Input data:
^^^^
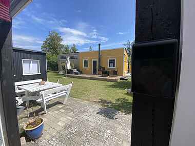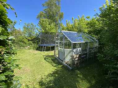 Der er en dejlig træterrasse med sol det meste af dagen samt et overdækket område, hvor udelivet kan nydes på trods af lidt regn eller lavere temperaturer. Grunden er 1200 M2 med masser af hyggekroge og plads til udfoldelse. Der er vildmarksbad, gynger, trampolin, lysthus, bålplads og forskellige ude-spil. I kan ofte se rådyr og harer løbe over grunden i de tidlige morgen eller aften timer.
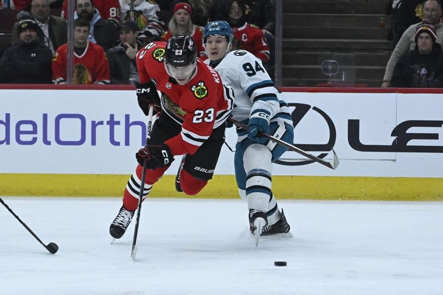 San Jose nearly scored in the closing seconds of OT. A Tomas Hertl shot trickled slightly past Mrazek, who had left the crease, but Blackhawks defenseman Kevin Korchinski knocked the rebound aside.
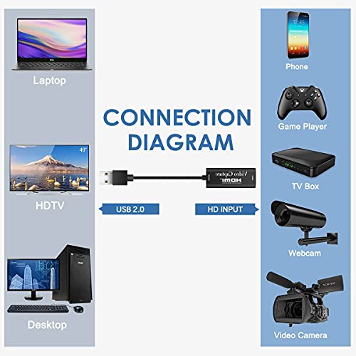 【Ampiamente utilizzato】scheda di acquisizione HDMI 1080P compatibile con la maggior parte dei dispositivi, ad esempio: PS3, PS4, Xbox One Xbox 360, Wili U Wii, Nintendo Switch, DVD, telecamera di sicurezza ZOSI, DSLR, webcam, set top box, DSLR, ecc.
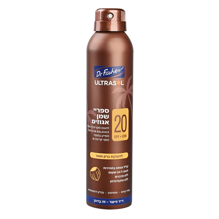 ספריי שמן אגוזים יבש וקליל המאפשר כיסוי מלא ונוח של האזורים החשופים לשמש. טכנולוגיית PURE SPRAY המאפשרת התזה רציפה ללא גז, לכיסוי מירבי, מהיר ואחיד. UVA&UVB BALANCE SPF20. ללא פראבנים, נבדק דרמטולוגית. עבר בהצלחה את מבחן Sensitive, המעיד על התאמתו במיוחד לעור רגיש, עמיד מאוד במים. מכיל שמן אגוזים להענקת לחות, ברק וזוהר. מכיל ויטמין E שהינו אנטי אוקסידנט, להגנה מפני רדיקלים חופשיים ולשמירה על מראה עור בריא לטווח הארוך. מעניק לעור מגע משי רך ונעים. בניחוח נעים במיוחד.
^^^^
Work to complete:
Print the data again word for word, pictures excluded.

Solution below:
 Der er en dejlig træterrasse med sol det meste af dagen samt et overdækket område, hvor udelivet kan nydes på trods af lidt regn eller lavere temperaturer. Grunden er 1200 M2 med masser af hyggekroge og plads til udfoldelse. Der er vildmarksbad, gynger, trampolin, lysthus, bålplads og forskellige ude-spil. I kan ofte se rådyr og harer løbe over grunden i de tidlige morgen eller aften timer.
 San Jose nearly scored in the closing seconds of OT. A Tomas Hertl shot trickled slightly past Mrazek, who had left the crease, but Blackhawks defenseman Kevin Korchinski knocked the rebound aside.
 【Ampiamente utilizzato】scheda di acquisizione HDMI 1080P compatibile con la maggior parte dei dispositivi, ad esempio: PS3, PS4, Xbox One Xbox 360, Wili U Wii, Nintendo Switch, DVD, telecamera di sicurezza ZOSI, DSLR, webcam, set top box, DSLR, ecc.
 ספריי שמן אגוזים יבש וקליל המאפשר כיסוי מלא ונוח של האזורים החשופים לשמש. טכנולוגיית PURE SPRAY המאפשרת התזה רציפה ללא גז, לכיסוי מירבי, מהיר ואחיד. UVA&UVB BALANCE SPF20. ללא פראבנים, נבדק דרמטולוגית. עבר בהצלחה את מבחן Sensitive, המעיד על התאמתו במיוחד לעור רגיש, עמיד מאוד במים. מכיל שמן אגוזים להענקת לחות, ברק וזוהר. מכיל ויטמין E שהינו אנטי אוקסידנט, להגנה מפני רדיקלים חופשיים ולשמירה על מראה עור בריא לטווח הארוך. מעניק לעור מגע משי רך ונעים. בניחוח נעים במיוחד.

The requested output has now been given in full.